Repeat nothing but the lines below running from the one containing "Прогноз магнитных бурь" to the one containing "บริษัท เมืองไทยประกันภัย จำกัด". Keep both end lines.

### Supplied material:
=== Begin Enclosure ===

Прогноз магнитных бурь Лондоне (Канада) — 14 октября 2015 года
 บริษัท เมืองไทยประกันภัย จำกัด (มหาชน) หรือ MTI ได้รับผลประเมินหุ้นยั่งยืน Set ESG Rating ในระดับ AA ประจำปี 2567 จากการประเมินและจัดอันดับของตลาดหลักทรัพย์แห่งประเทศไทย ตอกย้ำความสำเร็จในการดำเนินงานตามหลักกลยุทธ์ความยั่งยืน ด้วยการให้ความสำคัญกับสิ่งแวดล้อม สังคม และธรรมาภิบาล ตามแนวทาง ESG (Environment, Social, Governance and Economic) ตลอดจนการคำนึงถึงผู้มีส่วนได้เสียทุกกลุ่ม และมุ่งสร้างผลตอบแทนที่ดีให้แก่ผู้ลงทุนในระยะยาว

=== End Enclosure ===
=== Begin Enclosure ===

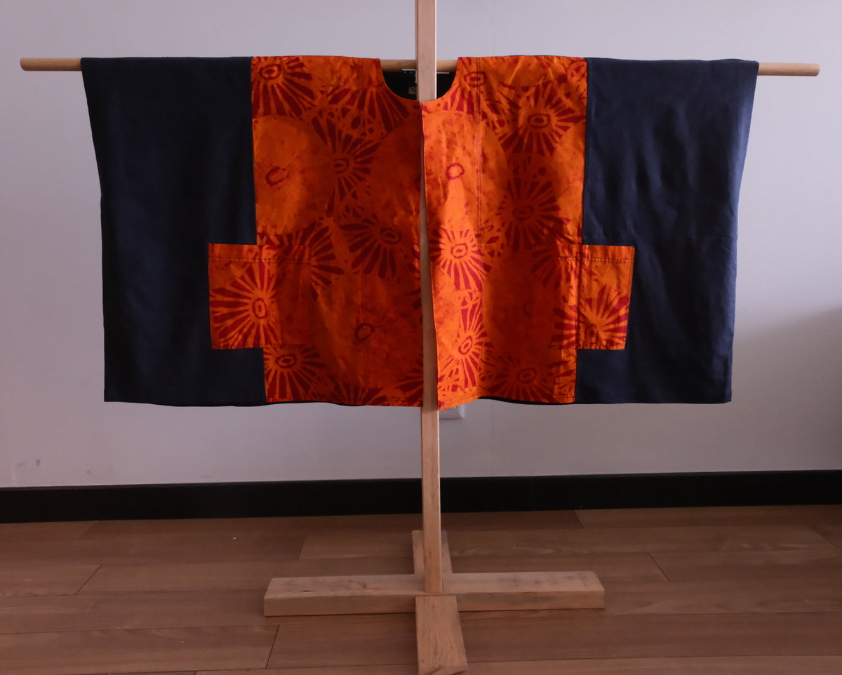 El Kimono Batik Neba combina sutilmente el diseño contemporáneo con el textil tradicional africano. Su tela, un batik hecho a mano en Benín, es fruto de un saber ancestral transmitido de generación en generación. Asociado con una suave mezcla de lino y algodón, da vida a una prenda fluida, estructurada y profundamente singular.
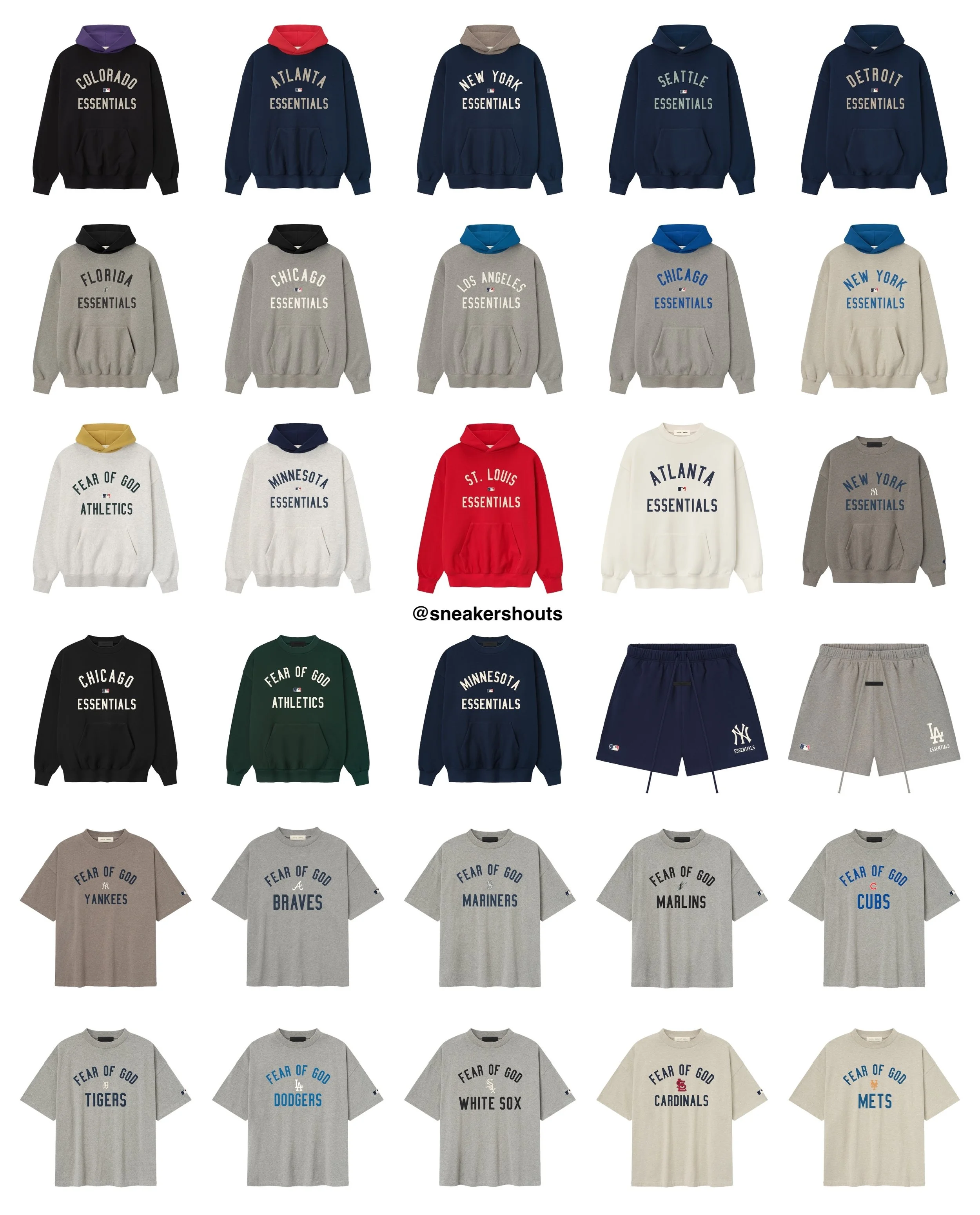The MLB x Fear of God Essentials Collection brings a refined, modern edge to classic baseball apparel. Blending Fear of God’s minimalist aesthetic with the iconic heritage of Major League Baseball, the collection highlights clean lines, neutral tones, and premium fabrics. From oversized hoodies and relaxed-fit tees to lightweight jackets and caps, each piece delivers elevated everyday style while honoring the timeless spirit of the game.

=== End Enclosure ===
=== Begin Enclosure ===

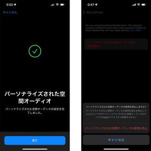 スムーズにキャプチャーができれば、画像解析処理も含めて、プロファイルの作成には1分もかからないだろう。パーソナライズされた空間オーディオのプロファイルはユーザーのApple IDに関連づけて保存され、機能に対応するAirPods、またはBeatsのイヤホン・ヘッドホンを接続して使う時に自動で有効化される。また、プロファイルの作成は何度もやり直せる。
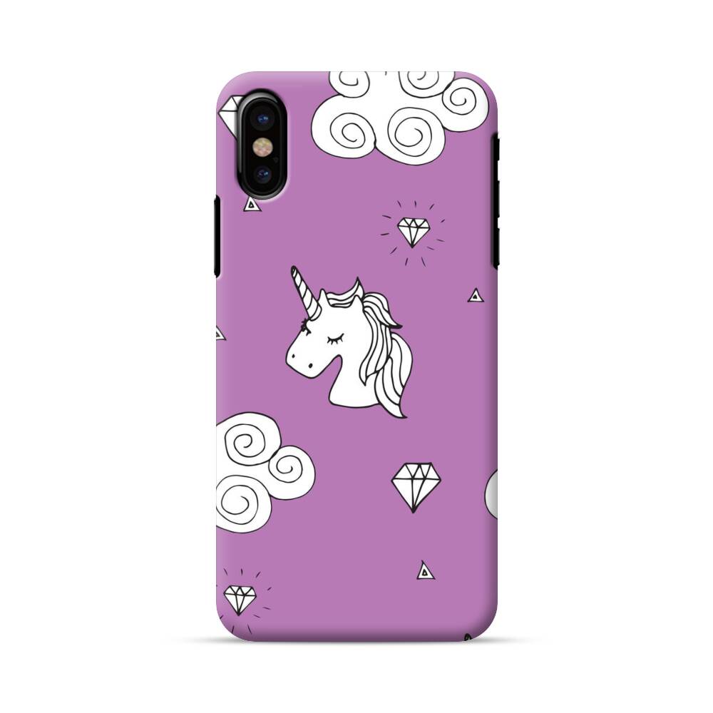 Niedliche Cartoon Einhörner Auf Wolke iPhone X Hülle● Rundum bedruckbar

=== End Enclosure ===

### Result below:
Прогноз магнитных бурь Лондоне (Канада) — 14 октября 2015 года
 บริษัท เมืองไทยประกันภัย จำกัด (มหาชน) หรือ MTI ได้รับผลประเมินหุ้นยั่งยืน Set ESG Rating ในระดับ AA ประจำปี 2567 จากการประเมินและจัดอันดับของตลาดหลักทรัพย์แห่งประเทศไทย ตอกย้ำความสำเร็จในการดำเนินงานตามหลักกลยุทธ์ความยั่งยืน ด้วยการให้ความสำคัญกับสิ่งแวดล้อม สังคม และธรรมาภิบาล ตามแนวทาง ESG (Environment, Social, Governance and Economic) ตลอดจนการคำนึงถึงผู้มีส่วนได้เสียทุกกลุ่ม และมุ่งสร้างผลตอบแทนที่ดีให้แก่ผู้ลงทุนในระยะยาว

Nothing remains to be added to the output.